Consider these four recent announcements by Google.
- Tensorflow Lite: AI on every (Android) smartphone.
- Google Lens real-world camera search.
- Google AdWords in-store sales attribution.
- YouTube location-based extensions.
Do you see the connection, the thread that links these announcements together?
The Digital Real World
Today, our world is largely analog. While the smartphone has undeniably made the real world more digital, we still do an incredible amount of stuff that isn’t machine-assisted. The smartphone and various connected devices are slowly changing that:
- Most people are comfortable now with smartphone-powered GPS to the point where lots of folks don’t remember how to read physical maps.
- Digital assistants like Siri, Cortana, and Alexa have gained significant traction in homes and pockets.
- 90% of consumers do comparison shopping in-store on their phones.
With the tools and technologies announced at I/O 2017 and MarketingNext, its two most recent product announcement events, Google’s aim has been made clear: make the real world a searchable digital world in every domain, from consumer shopping to healthcare to conversation.
What Does This Mean for Marketers?
The days of digital marketing are numbered.
More specifically, the days of marketers drawing a distinction between digital and real world marketing are numbered.
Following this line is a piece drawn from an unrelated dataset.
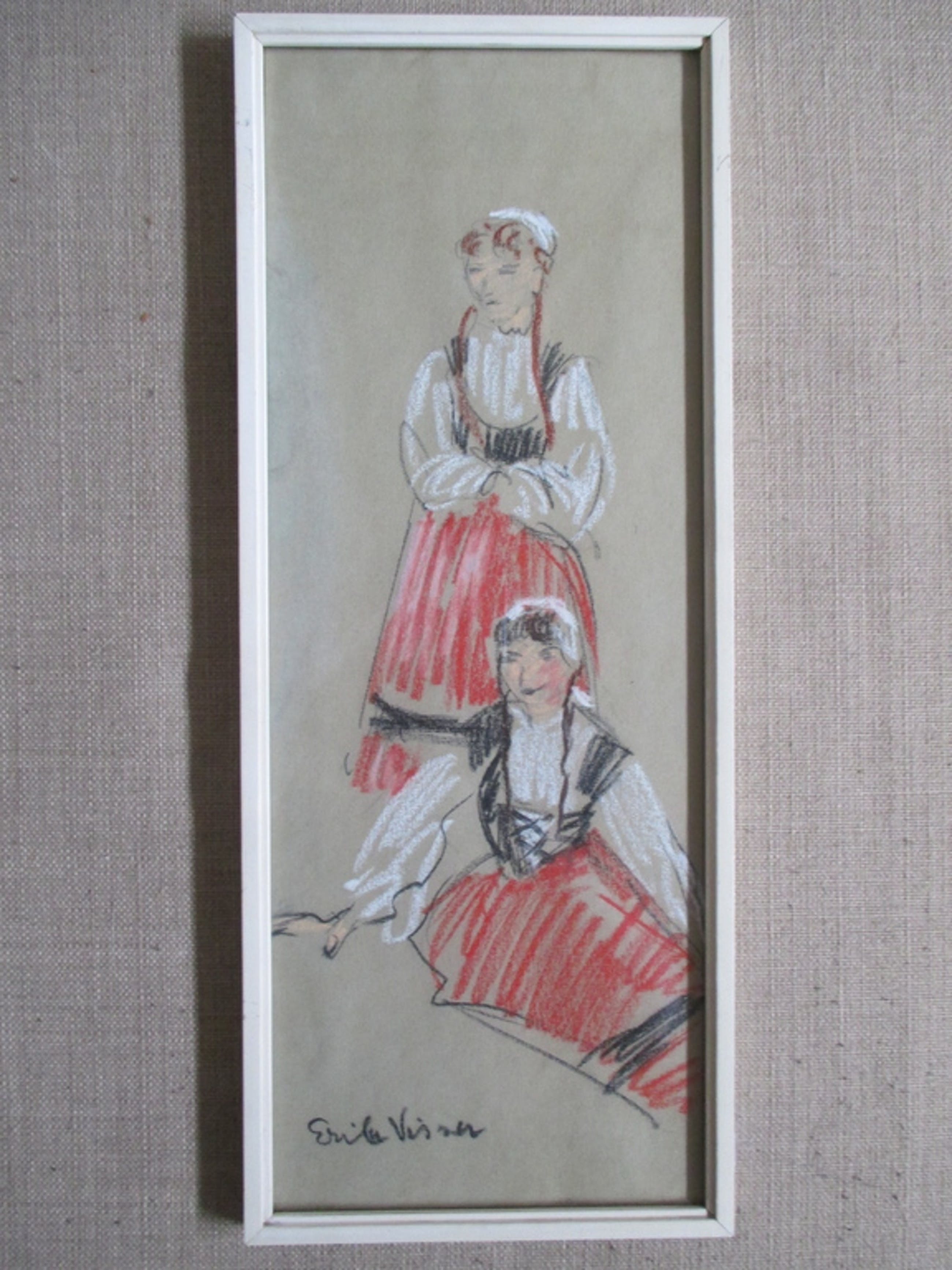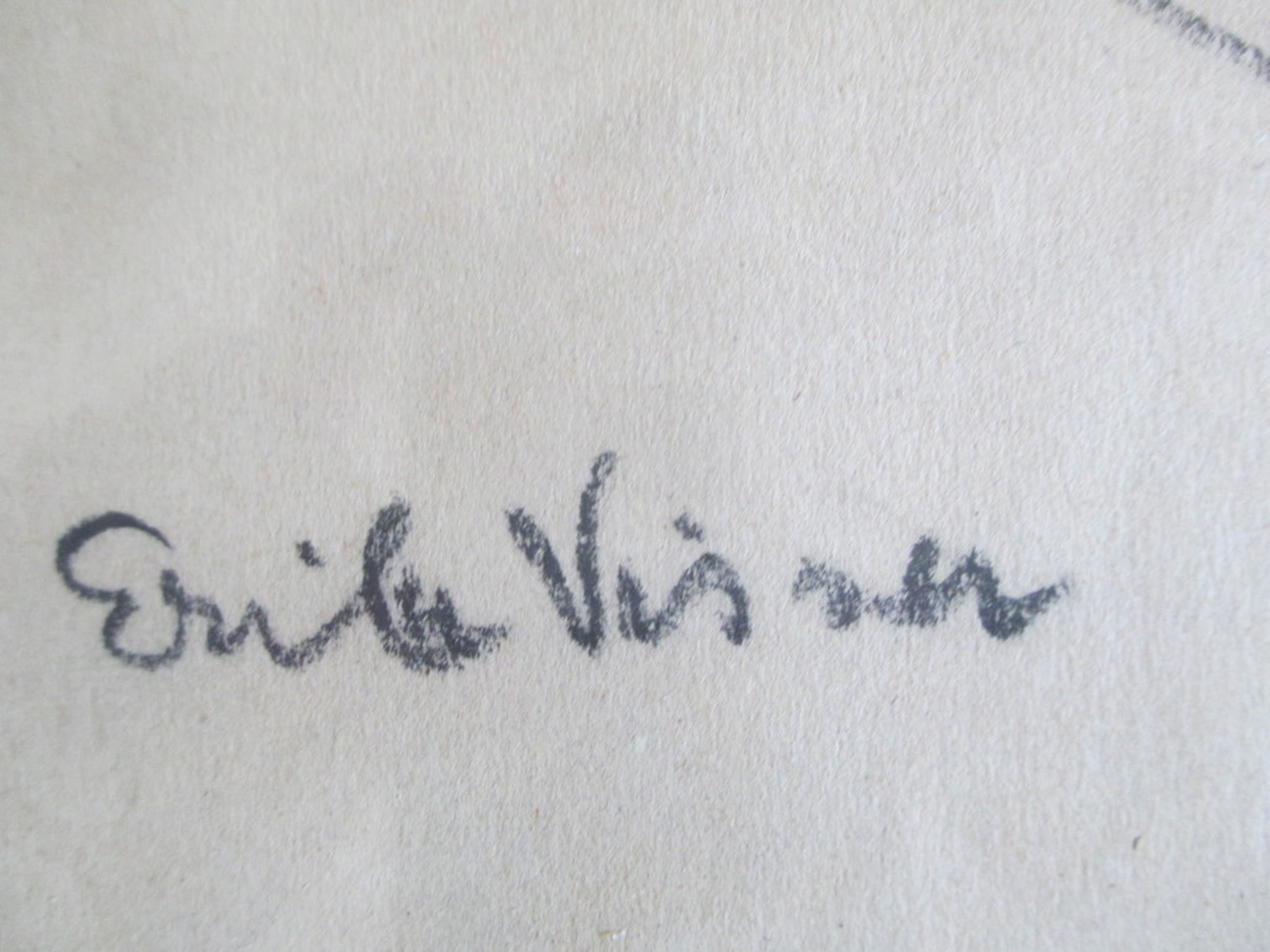 Tekening van Erika Visser, gesigneerd l.o. Ingelijst achter glas, afm. lijst 16,5x41 cm.

As technology continues to invade daily life, the distinction between digital and non-digital marketing will continue to fade.
At some point in the not too distant future, we’ll simply call it marketing again – no digital, no mobile, no social, because those attributes, those distinctions will be meaningless. In many ways, we are already well on the path:
- Mobile marketing is just marketing, from location-based advertising to local business SEO.
- Social marketing is just marketing, as social media, chat apps, and bots are significant sources of everyday conversation with people and brands we care about.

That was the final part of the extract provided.